Zayn hasn’t been here for years, but the promenade is just as he remembers: too bright, even in the day, the shop fronts and arcades painted red and blue and ice cream yellow with papier mache mermaids and pirates perched on top. It’ll be even worse later, when the lights come on. The poor man’s Las Vegas people call it, but Zayn doesn’t feel hard done by at all as the breeze rearranges Harry’s curls so they look even wilder. He’s never been here before, so Zayn can’t help but wonder what he makes of it, Harry, who’s just been to Cyprus and stayed in a hotel that Zayn absolutely, definitely did not look up on the Internet and does not have a pool bar that you can swim up to. Blackpool doesn’t just pale in comparison, it disappears, even with it’s rowdy arcades and papier mache mermaids. But there’s something kind of sweet about it, Zayn thinks – something kind of old fashioned – with its deckchairs and sticks of rock and donkey rides. And Harry must do too because he’s smiling when he tugs Zayn into a café, a tiny place with brown plastic chairs and a dog-eared copy of The Mirror on every table. It smells of fried bread and cheap tomato sauce, but it’s Zayn’s Shangri-La.
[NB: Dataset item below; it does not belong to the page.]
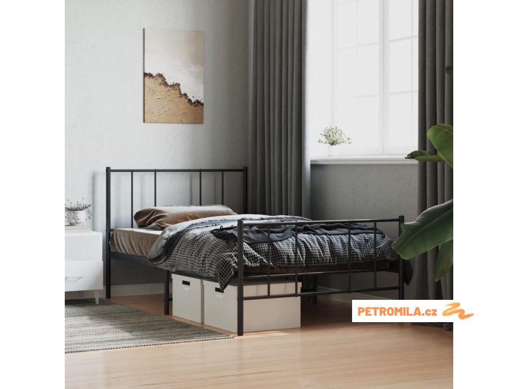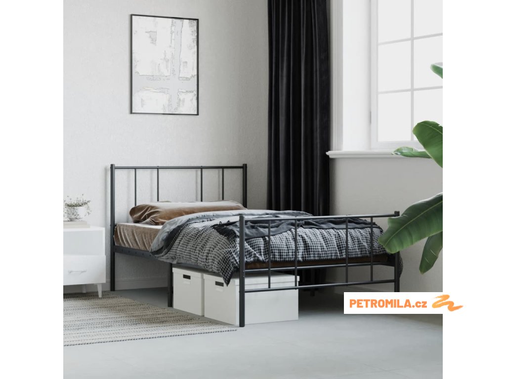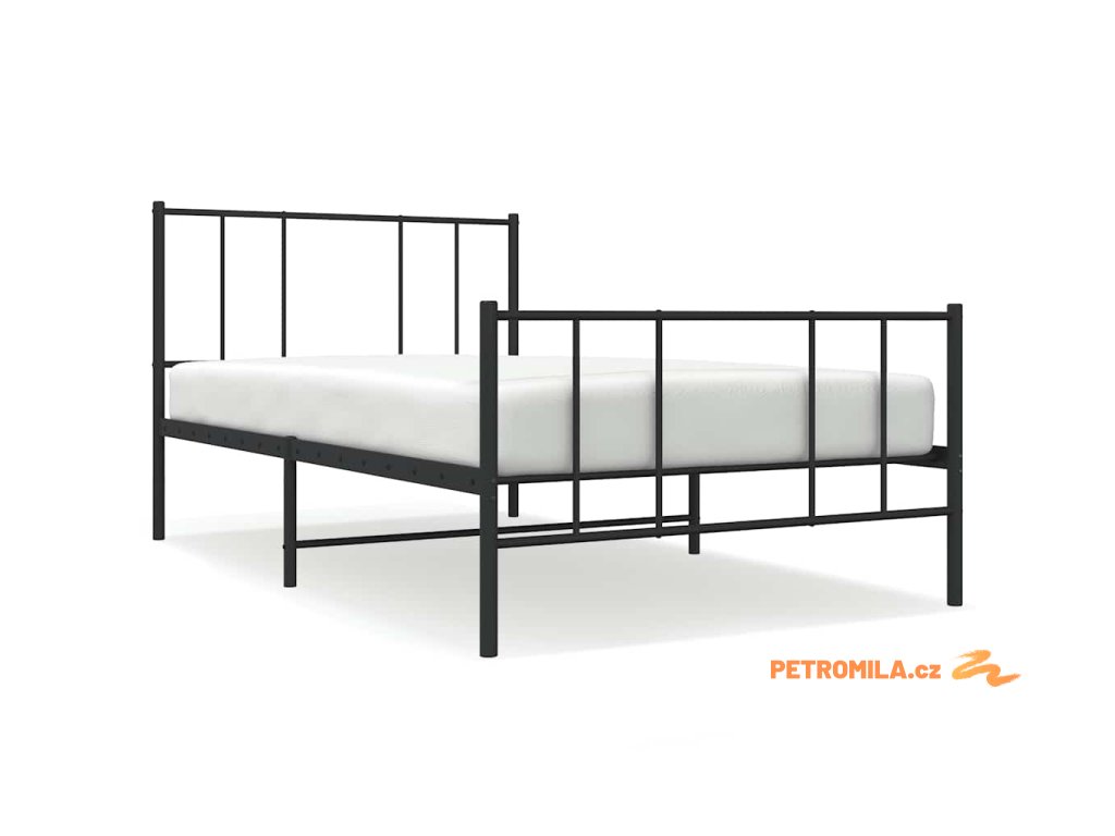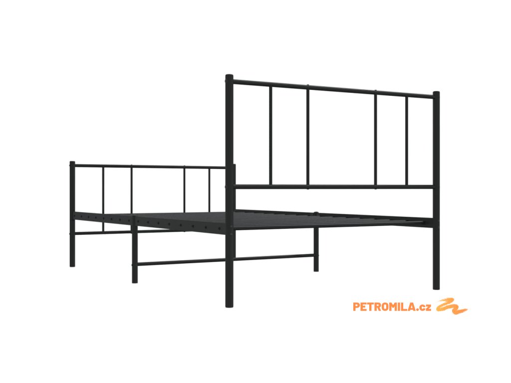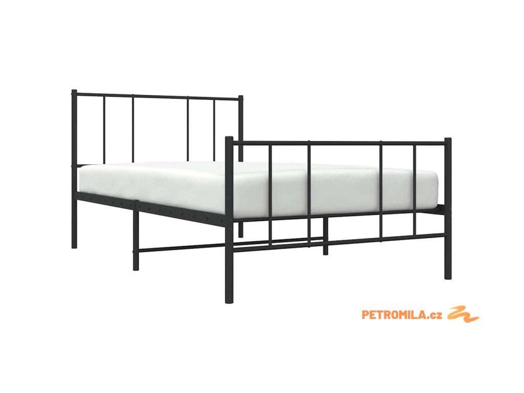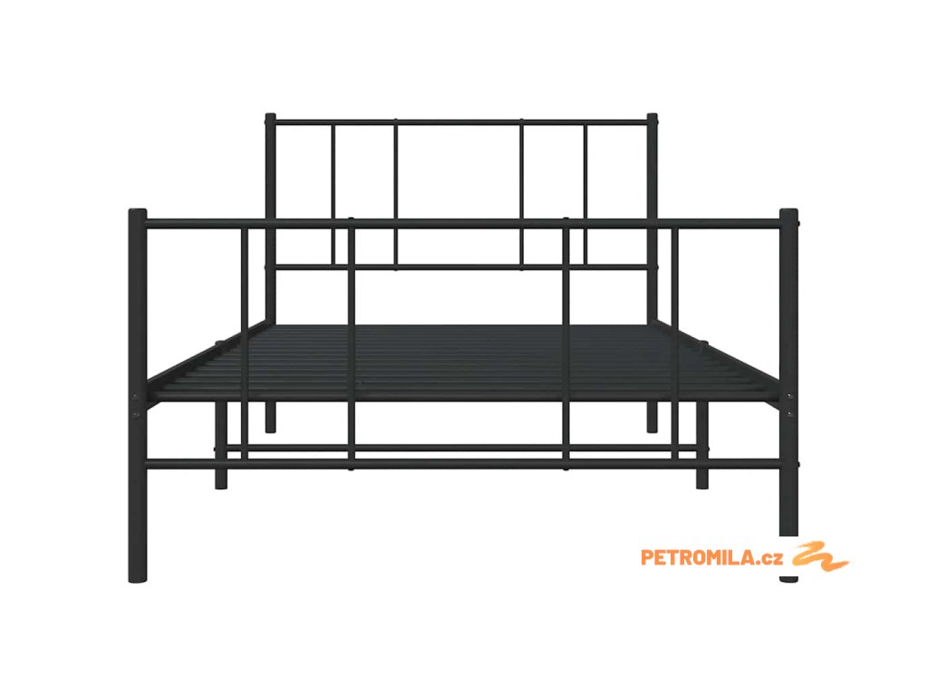 Kovový rám postele s hlavovým a nožním čelem černý 80 x 200 cm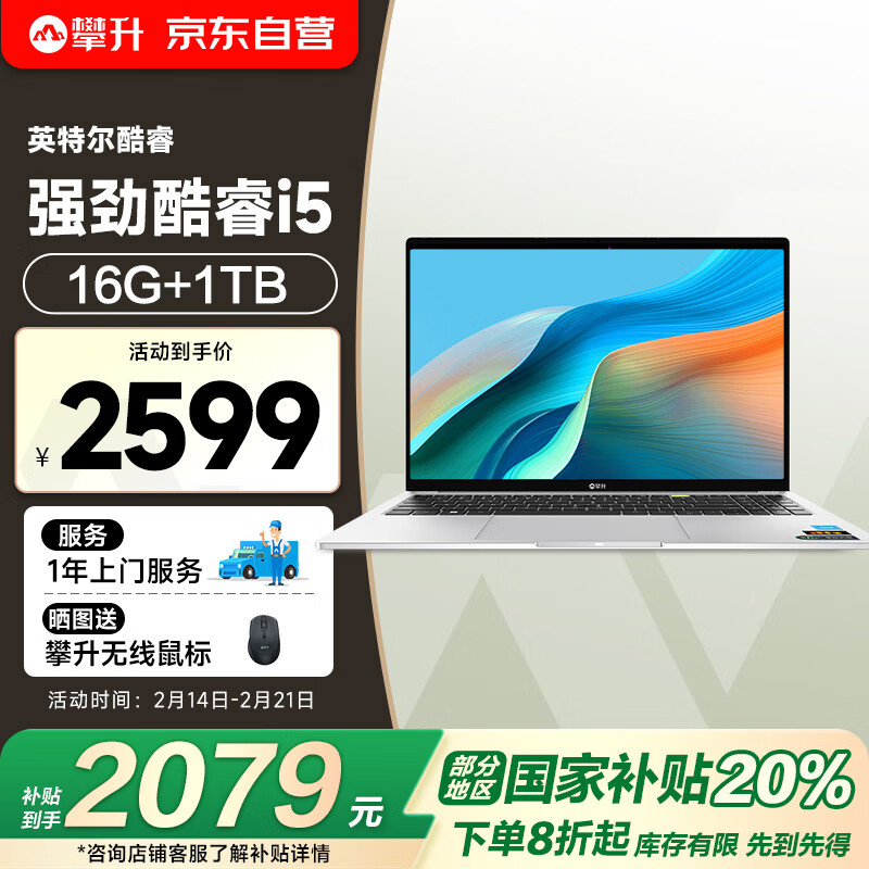 攀升笔记本电脑高性能轻薄本16英寸暴风龙P3 学生电脑笔记本游戏本 (英特尔酷睿i5 16G 1T护眼屏)价格:2599.00元!

He kisses Harry’s cheek when they sit at one of the tables because it’s just what he needs: food. They eat scrambled eggs and drink over brewed tea from chipped mugs and Zayn doesn’t think he’s ever been so happy. And while he’d never underestimate the power of a decent brew, he knows it’s Harry because a few months ago, Zayn would never have done this, blown money that he can’t spare going to Blackpool. But that’s just what he needs, too, to be somewhere new, chatting to a waitress who doesn’t know his name. And when he looks out the window, Zayn doesn’t see the kebab shop or the Korean shop or any of the other things he usually sees when he looks out a window. Everything is big and bright and unexplored. There are benches they haven’t carved their initials into yet. Parks they haven’t sat in, eating crisps and drinking warm beer.

‘Come on,’ he says, taking Harry’s hand and leading him out into it.

‘Where are we going?’ he asks with a slow smile.